Publié le 10/04/2015

Extrait du document

La corbeille de fruits, de 1596, constitue un exemple important, un des premiers dans l'Histoire de l'Art, de nature morte conçue en tant que genre autonome. En rupture avec la tradition académique qui déprécie la réalité des objets, Caravage déclare qu'il n'y a aucune différence entre peindre des fleurs et peindre des personnages, ce qui fait d'une banale corbeille de fruits un sujet digne d'être représenté. La recherche de la nature vraie menée par Caravage se révèle dans la reproduction soigneusement réaliste des différentes qualités de fruits, pommes, raisins, figues, qui, baignant dans une lumière diffuse, se détachent sur un fond clair. Le tableau reproduit aussi les marques du dépérissement des productions de la nature, visibles dans la feuille recroquevillée ou dans la pomme touchée, et qui renvoient à la caducité de toute chose. Des images analogues, symbolisant le caractère éphémère et transitoire des biens terrestres, se répètent dans les tableaux appelés "Vanités" qui se répandent en Europe pendant tout le XVIIe siècle, et sont le fait essentiellement de peintres hollandais et flamands.

 

 

 

 

 

 

 

 

 

 

 

 

 

En 1599, Caravage obtient une commande publique importante, grâce à l'appui de son protecteur romain, l'influent cardinal Francesco Maria del Monte. L'artiste lombard est chargé de peindre pour la chapelle Contarelli dans l'église Saint-Louis-des-Français, un cycle qui raconte trois épisodes de la vie de l'évangéliste Matthieu : la Vocation et le Martyre pour les deux tableaux latéraux, saint Matthieu et l'ange pour le panneau central. Le Caravage aborde cette confrontation importante avec un sujet d'art sacré en inventant des solutions absolument originales : l'histoire du saint n'est absolument pas idéalisée ; elle se déroule au contraire dans la réalité de milieux et de personnages quotidiens, exprimant une religiosité marquée par des valeurs morales et sociales et reflétant un message évangélique de pauvreté. La valeur formelle et symbolique attribuée à la lumière dans les oeuvres de Caravage est ici évidente : une lumière dure, aveuglante, contrastant violemment avec des ombres profondes, isole et définit les scènes et les détails. L'opposition lumière-ténèbres revient dans les conceptions de tout le XVIIe siècle comme métaphore de la dialectique salut-péché, symbole que l'on retrouve dans les oeuvres de maturité du Caravage.

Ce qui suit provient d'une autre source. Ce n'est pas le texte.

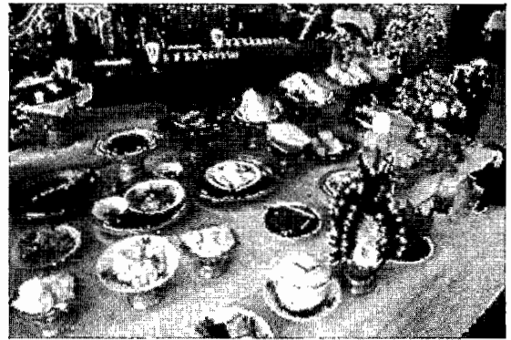
ภาพที่ 2-3 เครื่องบวงสรวงบูชาครู ซึ่งนิสิตชั้นปีต่างๆได้ร่วมกันจัดเตรียม โดยนายสันติ อุดมศรี วันที่ 24 ก.ค. 2553

จะเห็นได้ว่า การจัดกิจกรรมในลักษณะนี้ช่วยส่งเสริมให้นิสิตรู้จักการวางแผนและได้ทำงานร่วมกัน ทำให้นิสิตเกิดความกระตือรือร้นสนใจ ดังจะเห็นได้จากบรรยากาศในห้องประชุมขณะที่แบ่งหน้าที่ความรับผิดชอบจะเต็มไปด้วยความสนุกสนานจากการมีจิตอาสาของนิสิตแต่ละคน มีการหารือร่วมกันถึงแผนในการสรรหาเครื่องบูชาครูว่าจะนำมาจากสถานที่ใด ราคาเท่าไร บวกลบคูณหารค่าใช้จ่ายกันอย่างไร ใครจะเป็นคนซื้อ ใครจะเป็นคนหิ้ว ใครจะเป็นคนเก็บสตางค์ เป็นต้น และเมื่อถึงวันงานพิธี เครื่องสิ่งของที่กำหนดไว้ก็จะทยอยกันมาเพื่อจัดเรียงกันตั้งแต่เช้าตรู่อย่างครบถ้วนสมบูรณ์ เตรียมพร้อมสำหรับพิธีในช่วงสาย
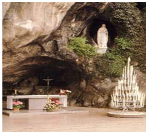
Grotte des apparitions

Le Martyre représente le moment de l'exécution de saint Matthieu. L'épisode est décrit comme un fait divers, un assassinat auquel assiste Caravage lui-même qui se représente à l'arrière-plan, à gauche du bourreau, en faisant ressortir de l'obscurité son visage angoissé. Matthieu est allongé par terre au pied de l'autel, le flanc ensanglanté ; il vient d'être frappé par le bourreau qui le tient par le bras, tandis qu'un ange descend du ciel sur un nuage pour lui tendre la palme du martyr. Le tableau traduit très efficacement le caractère instantané, dramatique et tumultueux de l'action se déroulant dans un espace sombre et profond, déchiré par la lumière qui met en évidence les gestes et les regards apeurés des personnes présentes : à gauche, un groupe d'hommes en vêtements de l'époque; en bas, des deux côtés de la scène, les catéchumènes qui attendaient d'être baptisés par Matthieu ; à droite, l'enfant de choeur qui s'enfuit, le visage crispé dans un hurlement de douleur. La lumière atteint aussi bien le saint que son bourreau, car il s'agit d'une lumière divine, symbolisant la possibilité de rédemption qui est accordée même au pécheur. Les radiographies effectuées sur la toile ont montré sous la version actuelle deux autres versions précédentes et différentes, ce qui prouve que Caravage ne travaillait pas sur des dessins préparatoires, mais qu'il peignait d'un seul trait avec un talent magistral.